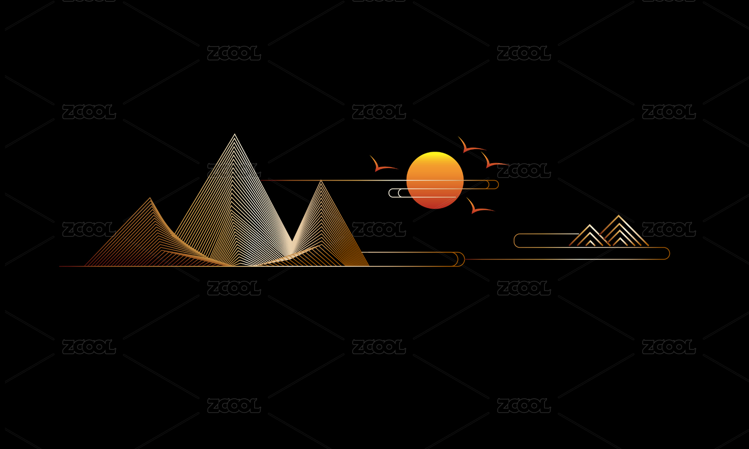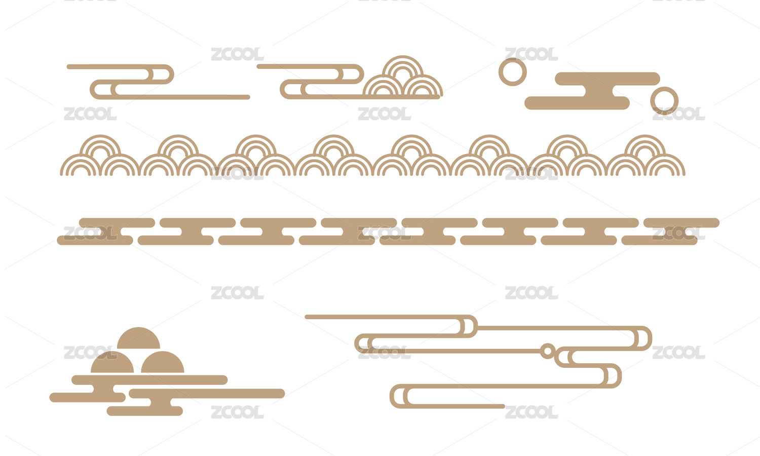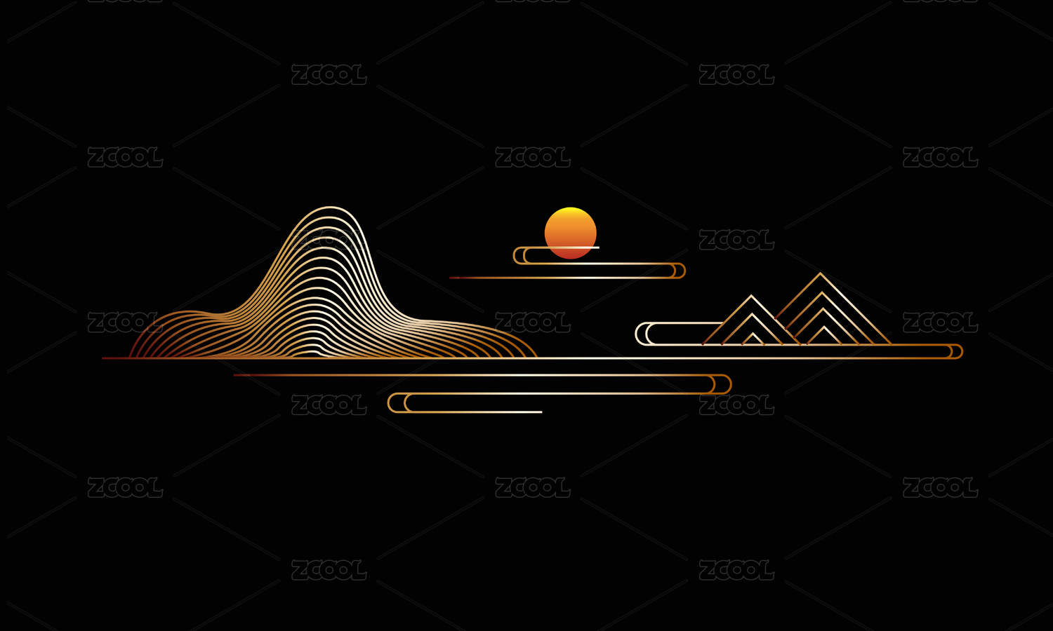 中式线性山纹祥云纹
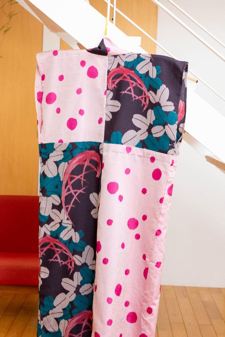二枚の着物を組み合わせて新たな一枚にリメイク中。「3年前から和裁教室に通っています。和裁は大変だけど、やるほどに楽しい!」
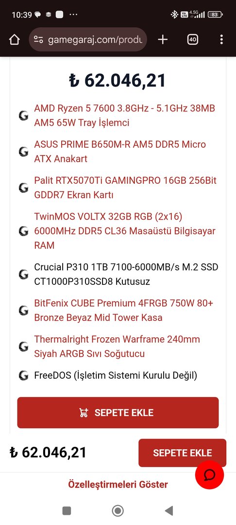 Merhaba, 1-2 ay içinde yeni bir sistem alacağım malum 2060 yardım çığlıkları atmaya başladı. Fiyatı en uygun 5070 Ti içeren sistem bu (normalde 5070 ama 5070 Ti'ye yükseltme seçeneği var.) Fiyat konusunda rahat olduğu için özelleştirmeler yaptım fakat seçtiğim parçalar konusunda bir öneriniz var mı? Kasayı sırf akvaryum diye seçtim ama beyaz mesela. Önerileriniz varsa veya tamamen başka sistem öneriniz varsa onlara da açığım.
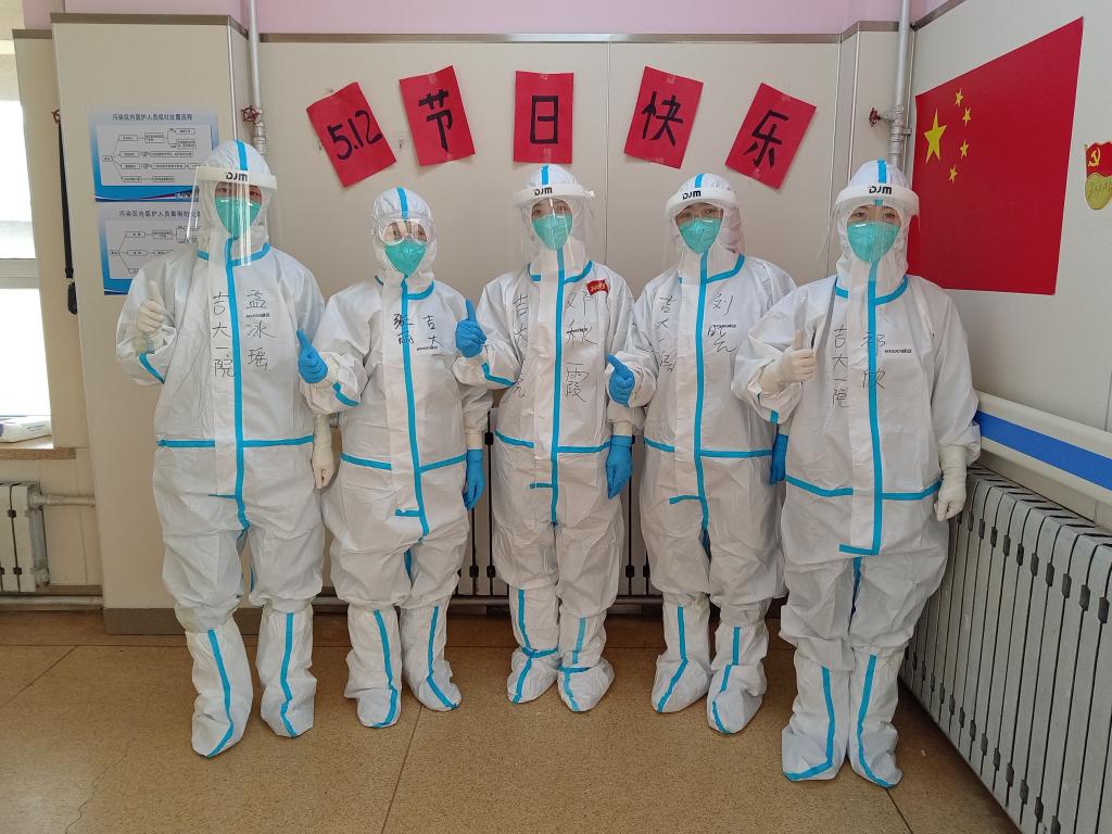 吉林大學(xué)第一醫院卒中中心副護士長(cháng)鄧秋霞(左三)和醫護人員在長(cháng)春市傳染病醫院支援。(受訪(fǎng)者供圖)
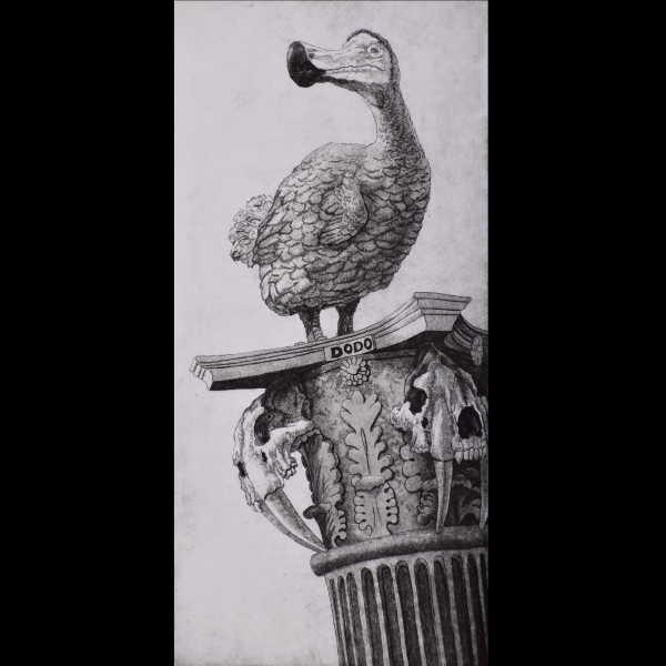 The Human Touch II” 6″x13″ $80 Zinc etching using the Dodo bird as a symbol of something that can go very wrong, very fast; the result of human intervention. Created by Steve Nowatzki
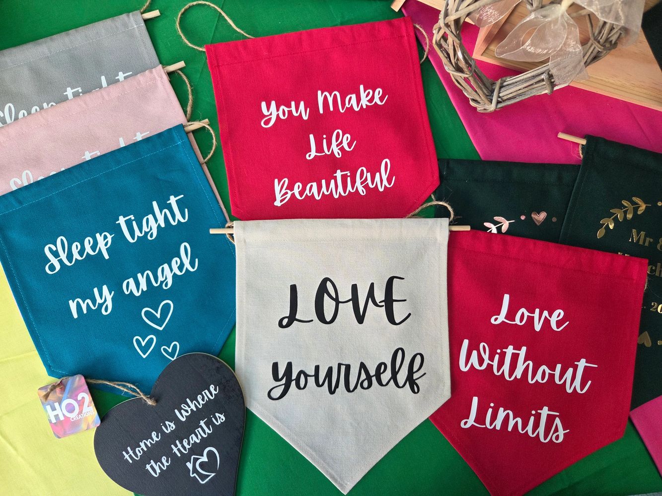 Fabric pennant flags that warm your heart and inspire your self-growth!
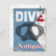 Antigua Caribbean vintage scuba mask travel poster design. A blue and white diver down flag background with a retro scuba mask and word "Dive" at the top.
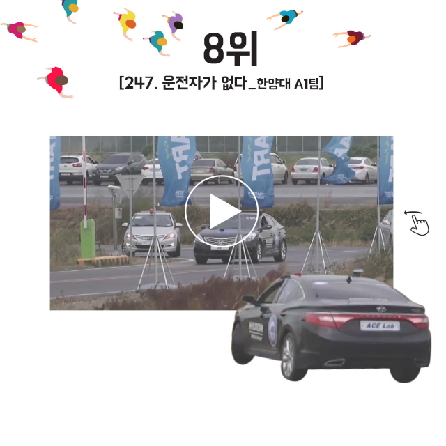 | ▲ [247. 운전자가 없다] 게임중계보다 재밌는 '리얼' 무인자동차 주행 영상을 전격 공개합니다. 대회 3관왕에 빛나는 한양대 A1팀입니다!! https://www.facebook.com/video.php?v=856476471053845 | ||
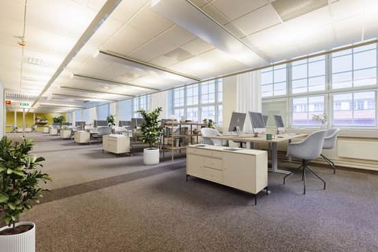 Lokalen har en öppen och flexibel planlösning som är uppdelad i två större rum, vilket ger gott om utrymme för både samarbete och individuellt arbete. Kombinationen av öppna ytor och stora rum gör det enkelt att anpassa lokalen efter verksamhetens behov, oavsett om ni söker sociala ytor, projektzoner eller kreativa arbetsplatser.
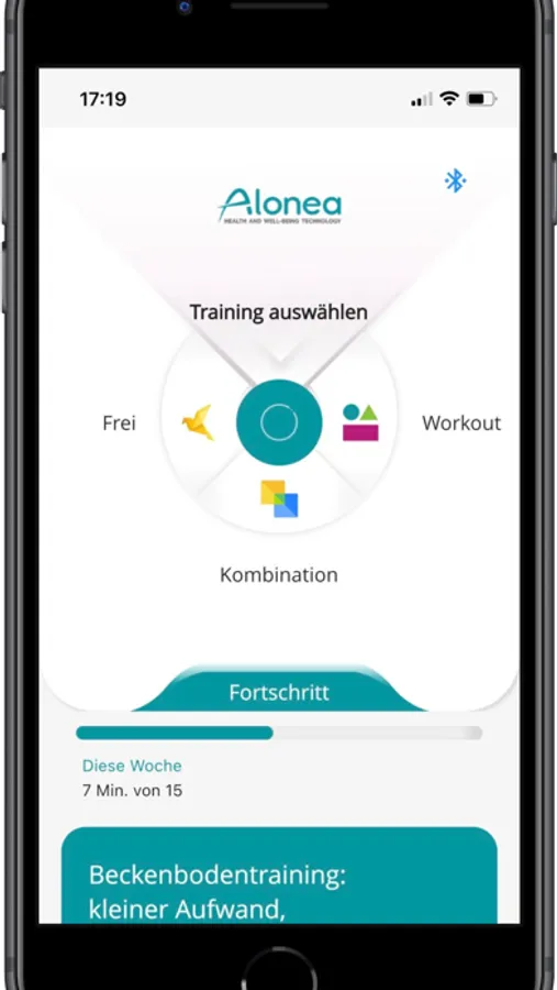 Die PelvicTool-App funktioniert nur zusammen mit dem PelvicTool (zum Bestellen im Alonea-Webshop (https://alonea.ch/de/shop/).
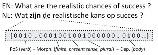 Binary vector for zijn (are) consisting of 1s for its PoS, morphology and dependency features and 0s for the remaining items in the vocabulary.
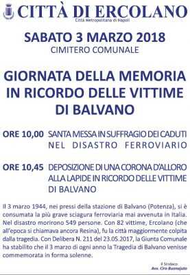 È in programma per sabato, presso il Cimitero comunale di Ercolano, la commemorazione della Tragedia di Balvano. Come stabilito dalla Giunta comunale (con la delibera n.211 del 23 maggio 2017), da quest’anno la Città di Ercolano terrà il 3 marzo di ogni anno una cerimonia per commemorare il disastro ferroviario in cui morirono decine di ercolanesi. Dopo una messa in suffragio delle vittime, l’Amministrazione Comunale poserà una corona d’alloro alla lapide che ricorda la tragedia.
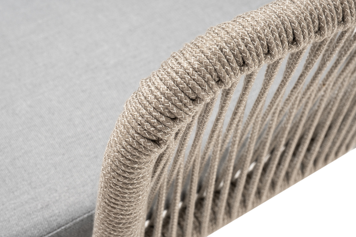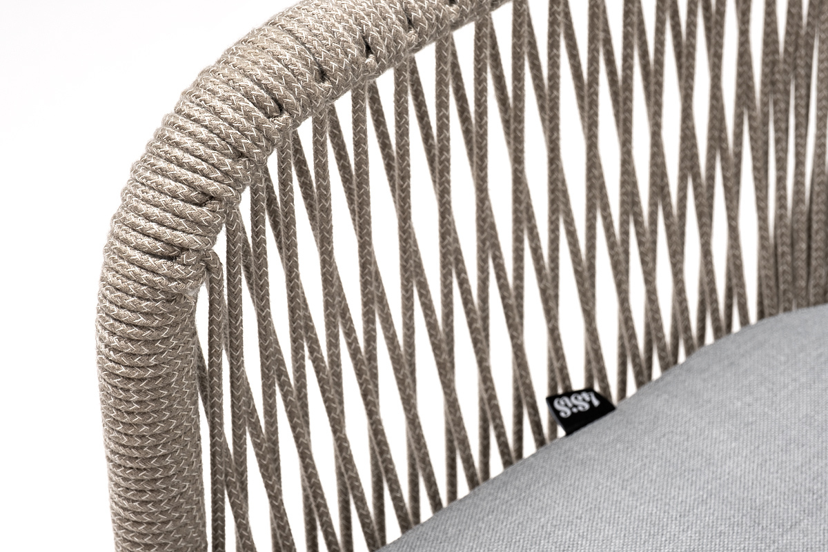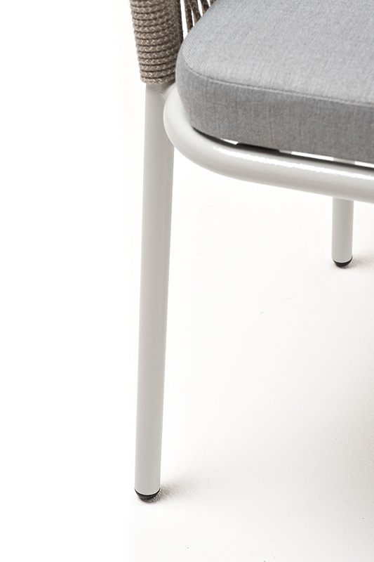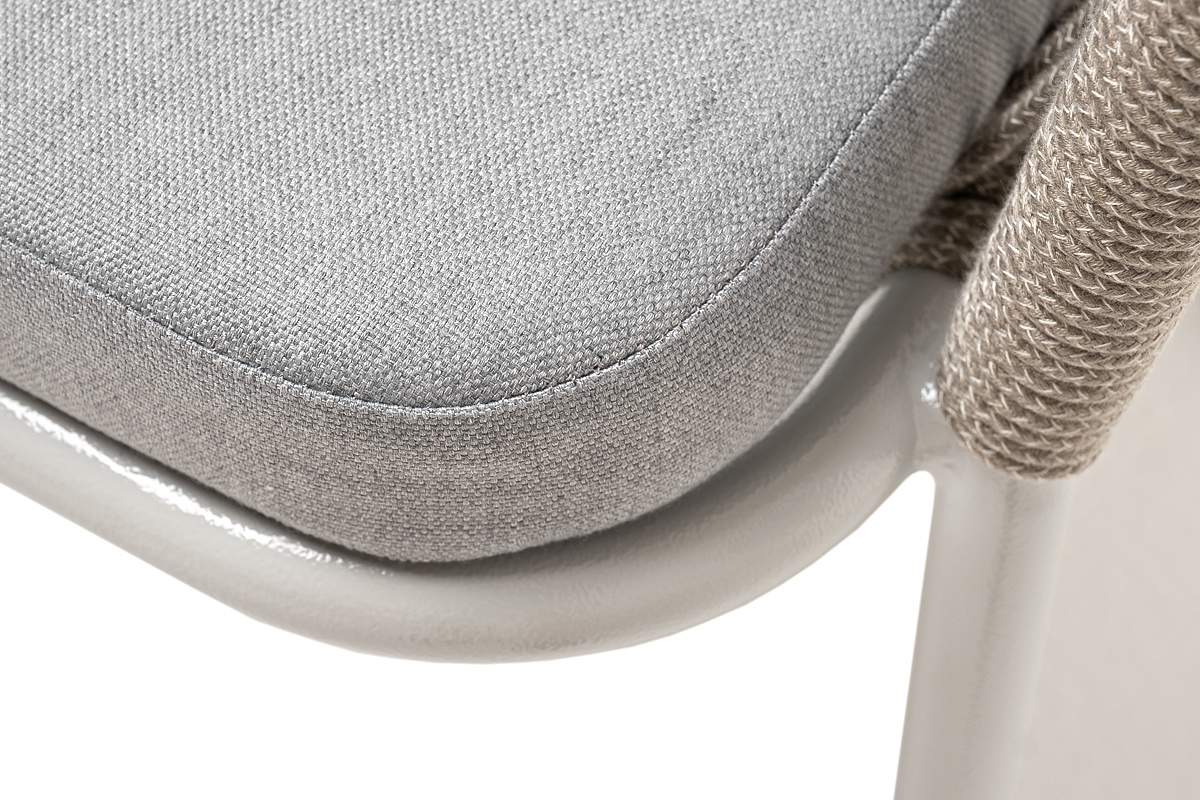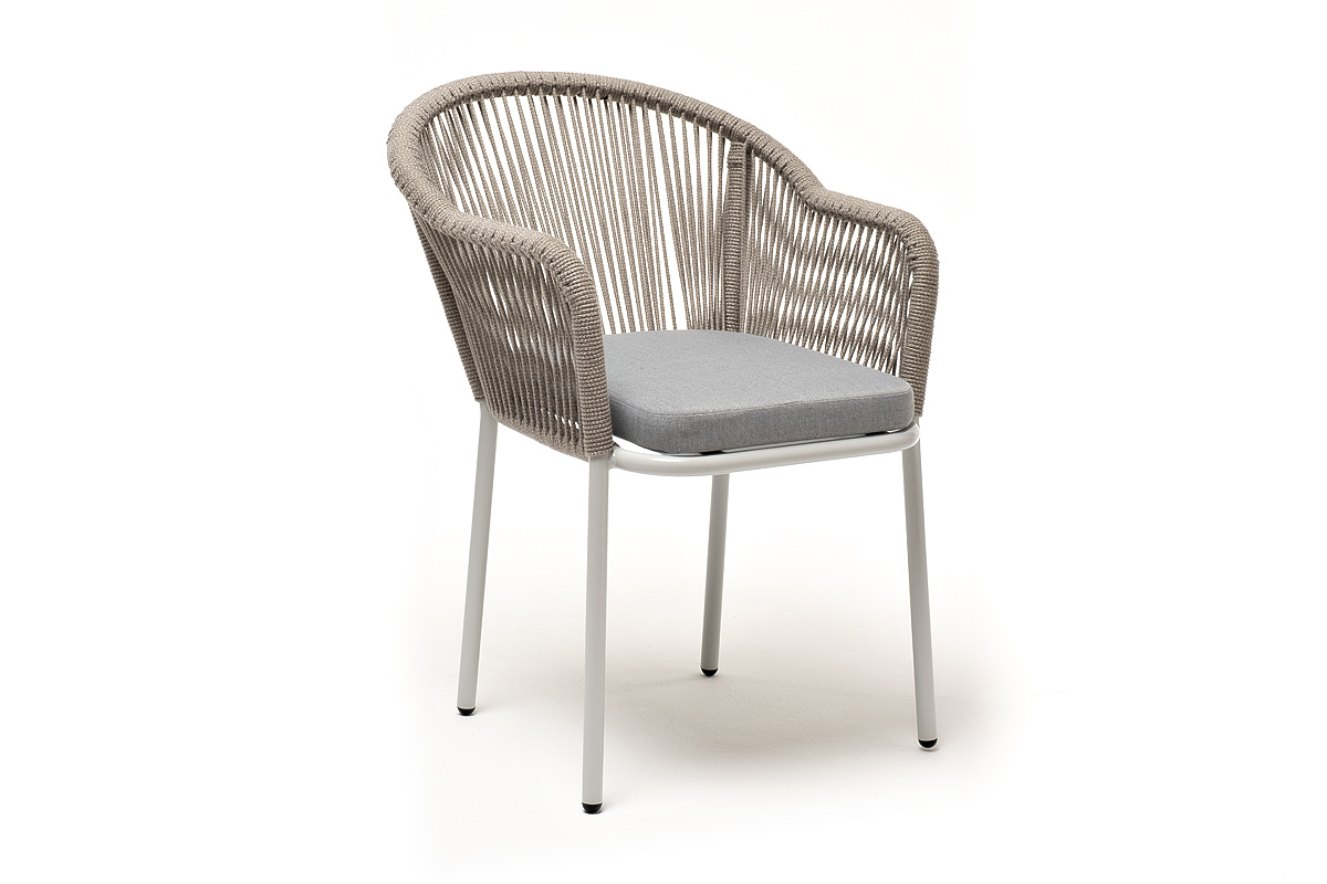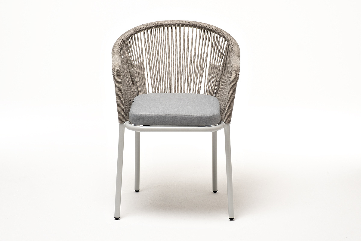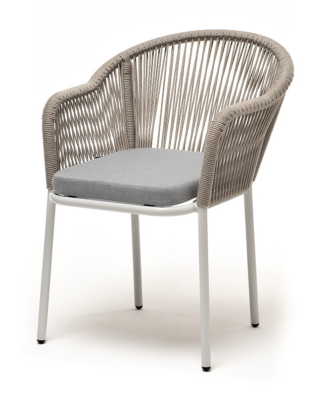 "Лион" стул плетеный из роупа, каркас алюминий светло-серый (RAL7035) муар, роуп серый меланж круглый, ткань светло-серая | |

## Your goal
Only one part of the listing is wanted: the lines from the one containing "https://www.facebook.com/video.php?v=856476471053845 | ||" through the one containing "È in programma", both included. Please transcribe it exactly, leaving out the pictures.

## Result of the task
 | ▲ [247. 운전자가 없다] 게임중계보다 재밌는 '리얼' 무인자동차 주행 영상을 전격 공개합니다. 대회 3관왕에 빛나는 한양대 A1팀입니다!! https://www.facebook.com/video.php?v=856476471053845 | ||
 Lokalen har en öppen och flexibel planlösning som är uppdelad i två större rum, vilket ger gott om utrymme för både samarbete och individuellt arbete. Kombinationen av öppna ytor och stora rum gör det enkelt att anpassa lokalen efter verksamhetens behov, oavsett om ni söker sociala ytor, projektzoner eller kreativa arbetsplatser.
 Die PelvicTool-App funktioniert nur zusammen mit dem PelvicTool (zum Bestellen im Alonea-Webshop (https://alonea.ch/de/shop/).
 Binary vector for zijn (are) consisting of 1s for its PoS, morphology and dependency features and 0s for the remaining items in the vocabulary.
 È in programma per sabato, presso il Cimitero comunale di Ercolano, la commemorazione della Tragedia di Balvano. Come stabilito dalla Giunta comunale (con la delibera n.211 del 23 maggio 2017), da quest’anno la Città di Ercolano terrà il 3 marzo di ogni anno una cerimonia per commemorare il disastro ferroviario in cui morirono decine di ercolanesi. Dopo una messa in suffragio delle vittime, l’Amministrazione Comunale poserà una corona d’alloro alla lapide che ricorda la tragedia.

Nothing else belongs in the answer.